Religion is not recorded on death certificates, making analysis by religion “painstakingly slow”, but the ONS looked at 140,000 deaths between March and May and retrieved this information by linking death registrations to 2011 Census data.

It comes in the week that the Board of Deputies confirmed that 500 Jews in the UK had now died of coronavirus, compared to only 305 people in the entire State of Israel having died of Covid-19.

JPR said the ONS study now “makes it possible to compare the Jewish population’s experience with those of other religious groups,” as well as the general UK population as a whole, after taking into account factors such as age, demographics and socio-economic profiles.

Whilst JPR researchers acknowledged that age and geographical profile will have had “a significant negative effect” on the Jewish population, there were likewise reasons to think it should have had less of an effect on the Jewish population, such as average socio-economic and health profiles.

The JPR said this week that “even after accounting for these factors [such as age and geography], Jews still have a significantly elevated risk of death from Covid-19” when compared to other religious groups, such as Christians.

“The persistence of elevated risks when all appropriate controls have been put in-place suggests the presence of a particular ‘Jewish factor’ that independently inflates mortality, and does so more for males than females,” JPR said.

 

“Both the strength of this particular ‘Jewish factor’ and its differentiated effect by sex cannot be easily explained.
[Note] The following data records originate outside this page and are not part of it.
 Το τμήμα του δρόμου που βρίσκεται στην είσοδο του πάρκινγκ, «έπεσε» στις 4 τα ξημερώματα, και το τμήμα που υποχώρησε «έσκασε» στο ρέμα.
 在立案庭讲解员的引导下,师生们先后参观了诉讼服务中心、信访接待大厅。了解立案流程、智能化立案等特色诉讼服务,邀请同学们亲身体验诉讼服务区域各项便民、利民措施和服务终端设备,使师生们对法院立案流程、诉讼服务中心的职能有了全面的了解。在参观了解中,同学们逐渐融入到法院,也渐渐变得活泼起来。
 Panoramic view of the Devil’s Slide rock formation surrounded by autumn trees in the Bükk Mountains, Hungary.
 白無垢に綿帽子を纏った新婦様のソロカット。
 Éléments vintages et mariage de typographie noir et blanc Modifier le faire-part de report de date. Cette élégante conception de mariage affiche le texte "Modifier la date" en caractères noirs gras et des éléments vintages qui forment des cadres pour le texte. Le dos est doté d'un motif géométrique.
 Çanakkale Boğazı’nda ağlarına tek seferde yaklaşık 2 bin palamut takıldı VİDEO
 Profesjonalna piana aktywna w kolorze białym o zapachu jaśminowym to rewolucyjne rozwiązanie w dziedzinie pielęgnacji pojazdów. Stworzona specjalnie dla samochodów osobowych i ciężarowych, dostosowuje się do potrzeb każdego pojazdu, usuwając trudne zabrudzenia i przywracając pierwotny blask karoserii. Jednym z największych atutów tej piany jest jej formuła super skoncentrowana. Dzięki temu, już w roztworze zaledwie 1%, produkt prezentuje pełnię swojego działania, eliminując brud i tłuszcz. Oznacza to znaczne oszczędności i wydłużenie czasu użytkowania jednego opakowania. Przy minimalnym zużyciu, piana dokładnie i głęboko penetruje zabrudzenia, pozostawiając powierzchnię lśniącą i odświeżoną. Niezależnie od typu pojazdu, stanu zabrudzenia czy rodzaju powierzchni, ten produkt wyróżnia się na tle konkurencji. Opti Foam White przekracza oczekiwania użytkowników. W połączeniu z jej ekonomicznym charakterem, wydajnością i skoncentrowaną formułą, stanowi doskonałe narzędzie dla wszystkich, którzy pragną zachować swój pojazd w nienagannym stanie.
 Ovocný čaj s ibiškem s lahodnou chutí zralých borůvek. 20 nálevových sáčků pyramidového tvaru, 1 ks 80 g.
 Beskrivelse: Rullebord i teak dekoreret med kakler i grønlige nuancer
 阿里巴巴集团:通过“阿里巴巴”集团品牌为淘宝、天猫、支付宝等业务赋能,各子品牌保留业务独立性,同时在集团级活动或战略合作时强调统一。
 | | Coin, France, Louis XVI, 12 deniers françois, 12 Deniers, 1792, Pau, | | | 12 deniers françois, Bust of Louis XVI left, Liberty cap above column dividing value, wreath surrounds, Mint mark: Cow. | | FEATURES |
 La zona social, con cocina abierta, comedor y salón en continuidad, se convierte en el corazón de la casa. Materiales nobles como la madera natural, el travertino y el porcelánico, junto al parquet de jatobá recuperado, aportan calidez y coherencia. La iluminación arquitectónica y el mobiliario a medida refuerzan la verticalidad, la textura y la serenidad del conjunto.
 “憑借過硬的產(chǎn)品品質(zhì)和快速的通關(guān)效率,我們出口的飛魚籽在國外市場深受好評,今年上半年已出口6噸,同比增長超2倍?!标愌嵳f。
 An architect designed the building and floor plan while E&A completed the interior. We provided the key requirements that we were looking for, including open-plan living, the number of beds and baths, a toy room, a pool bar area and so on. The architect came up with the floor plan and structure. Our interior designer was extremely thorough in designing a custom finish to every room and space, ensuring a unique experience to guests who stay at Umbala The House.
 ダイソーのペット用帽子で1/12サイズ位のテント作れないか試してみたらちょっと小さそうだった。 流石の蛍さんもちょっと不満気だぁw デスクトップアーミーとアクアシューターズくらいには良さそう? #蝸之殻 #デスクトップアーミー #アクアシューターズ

We remain puzzled by these findings… Further research is needed to determine the causes generating Jewish vulnerability to Covid-19.”

 

Analysts warned against people jumping to conclusions, adding that there may be “localised circumstances,” an example of which was cited in Sweden.

 

“Jews have been dying there at a considerably higher rate than the national average,” JPR said. “But when we probed further we found that a high number of deaths in just one elderly Jewish care home in Stockholm created this distorting effect. When removed, Jews actually fared better than average.”